Ash Wednesday is coming this week, which heralds the season of Lent. Since we celebrate according to the traditional calendar, we have already begun some of our Lenten observances. Traditionally, the "Lenten cycle" begins a bit before Ash Wednesday with the season called Septuagesima. This season is composed of three weeks: Sepusagesima (referring to it's falling roughly 70 days before Easter), Sexagesima ("60 days"), and Quinquagesima ("50 days"--the Sunday before Ash Wednesday). These three weeks mark a transition toward the penitential season to come. At Mass, the Alleluia and Gloria are already skipped, and the liturgical color has already changed to violet. But the tone is not yet somber--it gives us time to consider our penances and to prepare our minds and hearts toward Our Lord and His Passion. And for the home-educating mother, it gives us time to bake our salt-dough-crown of thorns and figure out where we stored the Stations of the Cross box from last year. ;)
There are plenty of lovely websites detailing the many ways this holy season can be made real for little ones, so I'll just share briefly how we'll be marking our Lenten journey. (You can see last year's plans here. You'll see they're much the same as this year's plans. I love that I don't have to reinvent everything with each new year now that we have family traditions in place!)
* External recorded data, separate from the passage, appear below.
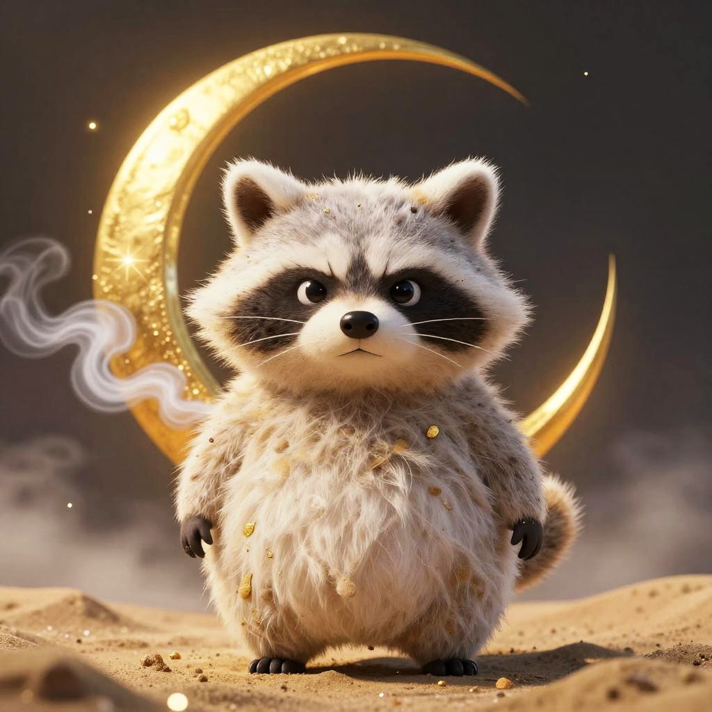 A digital illustration features a cute, fluffy raccoon standing on a sandy surface with a golden crescent moon and wisps of smoke in the background. The raccoon has a puffed-up, gray and white fur coat with black mask-like markings around its eyes, giving it a determined expression. The moon is adorned with sparkling particles, and the smoke adds a mystical atmosphere. The raccoon's small, rounded body and tiny paws contrast with the large, glowing moon, creating a whimsical and magical scene. The overall color palette includes soft grays, whites, and golds against a dark, smoky background.
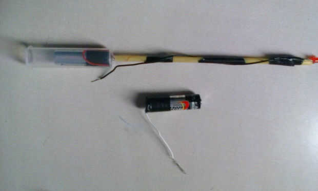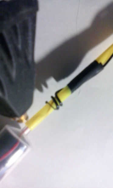 Luego asegure el otro cable al otro lado del LED y el cable de "switch" en la parte inferior del segundo alambre como se muestra arriba.
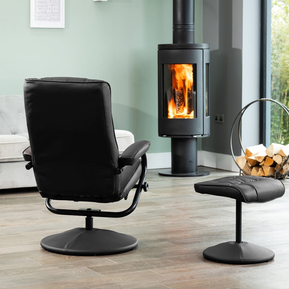 Indulge in ultimate relaxation with the Artemis Home Gibson Swivel Recliner and Footstool. This sophisticated set, finished in black bonded leather, will add a touch of timeless elegance to any room. Enjoy complete freedom of movement with the full 360-degree swivel function, while the smooth push-back recline allows you to effortlessly find your perfect lounging angle, ensuring maximum comfort. Built to last, the robust metal frame provides unwavering support and stability, complemented by a plush foam seat interior for lavish cushioning. Faux leather is cleverly incorporated in low-stress areas, ensuring a luxurious look and feel without sacrificing affordability or quality. Transform your space into a haven of relaxation with this stylish and comfortable recliner set, delivered quickly and efficiently.
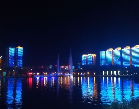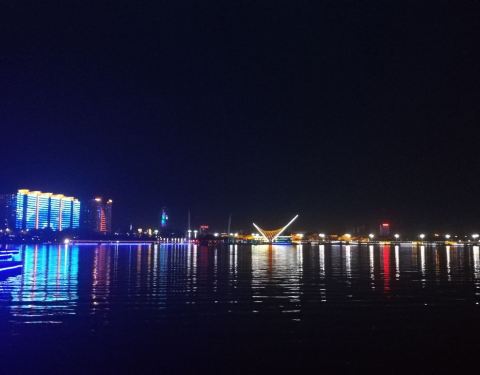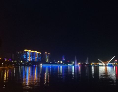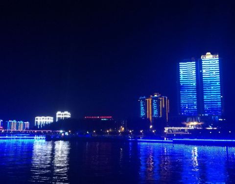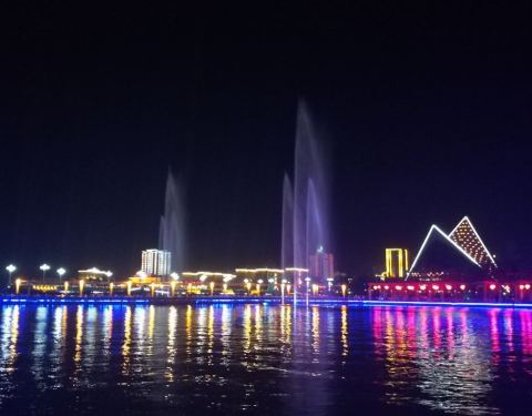 夜景不错。河边家属楼外灯光变换图案配合喷泉,景色很美。适合饭后散步。河中小岛上有美食。没其他的了

:: Burying the Alleluia. I just love this tradition. At our old parish, they actually did bury it--right outside the chapel in the garden, following the Septuagesima liturgy. At our home, I just tuck our adorned Alleluias into a box. The box gets put away, then wrapped and placed on our Easter breakfast table. The children open it on Easter morning and process with their Alleluias around the house before hanging them on our home altar. It's quite festive. :)
:: Lenten Reading. I'll be slowly reading Inos Biffi's The Way of the Cross with the children this Lent. I personally am looking forward to reading I Believe In Love and Sermons of St. Francis de Sales of Lent. My children will go through a spiritual book of their choice--I think they'll be trading off with King of the Golden City. We'll also be revisiting Jenn's "Lent: A Thought a Day" once again this year. It makes a perfect Lenten addition to our Morning Basket. (As does this calendar, a favorite with my children every year!)
:: Memory Work. As during Advent, our memory work takes on a Lenten transformation. Last year, we learned "O Sacred Head Surrounded" and the Prayer Before a Crucifix. This year, we'll be learning the Stabat Mater in Latin and English and the De Profundis (Psalm 129) in English.
:: Stations of the Cross. I think most Catholic families would consider this an essential part of Lenten Fridays. I like to pray the Stations with our Stations box, which has been a big hit with all my children. We use the meditations from a couple vintage pamphlets I picked up that are the very same as the ones Jenn has shared. They are truly lovely.
:: Crown of Thorns. This is a wonderful tangible analogy for sacrifice--as we remove a thorn from Our Lord's crown with each sacrifice we make, so our good deeds bring comfort to Our Lord's Heart in His Passion. We did a personal one for each of the children last year and they really enjoyed it, so we'll be doing that again this time around.
:: Fasting and Sacrifices. We all have special sacrifices we're offering up in the hope of drawing closer to Our Lord during these forty days by entering into a "desert" as He did.
These traditions will carry us through the next few weeks until we get to Holy Week, which has a beautiful set of traditions of its own.
Wishing you a blessed start to Lent!